Transforming Data Using Operators in Kinesis Data Analytics for Apache Flink With the DataStream API - Amazon Kinesis Data Analytics

Transforming Data Using Operators in Kinesis Data Analytics for Apache Flink With the DataStream API

To transform incoming data in a Kinesis Data Analytics for Apache Flink application, you use an Apache Flink operator. An Apache Flink operator transforms one or more data streams into a new data stream. The new data stream contains modified data from the original data stream. Apache Flink provides more than 25 pre-built stream processing operators. For more information, see Operators in the Apache Flink Documentation.

This topic contains the following sections:

Transform Operators

The following is an example of a simple text transformation on one of the fields of a JSON data stream.

This code creates a transformed data stream.

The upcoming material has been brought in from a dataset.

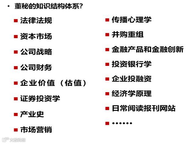 例如公司治理、三会运作、内部控制以及信息披露。懂得市值管理、股权激励,企业成长,如何利用资本市场持续融资。

The new data stream has the same data as the original stream, with the string " Company" appended to the contents of the TICKER field.

DataStream<ObjectNode> output = input.map( new MapFunction<ObjectNode, ObjectNode>() { @Override public ObjectNode map(ObjectNode value) throws Exception { return value.put("TICKER", value.get("TICKER").asText() + " Company"); } } );

Aggregation Operators

The following is an example of an aggregation operator. The code creates an aggregated data stream. The operator creates a 5-second tumbling window and returns the sum of the PRICE values for the records in the window with the same TICKER value.

DataStream<ObjectNode> output = input.keyBy(node -> node.get("TICKER").asText()) .window(TumblingProcessingTimeWindows.of(Time.seconds(5))) .reduce((node1, node2) -> { double priceTotal = node1.get("PRICE").asDouble() + node2.get("PRICE").asDouble(); node1.replace("PRICE", JsonNodeFactory.instance.numberNode(priceTotal)); return node1; });

For a complete code example that uses operators, see Getting Started (DataStream API). Source code for the Getting Started application is available at Getting Started in the Kinesis Data Analytics Java Examples GitHub repository.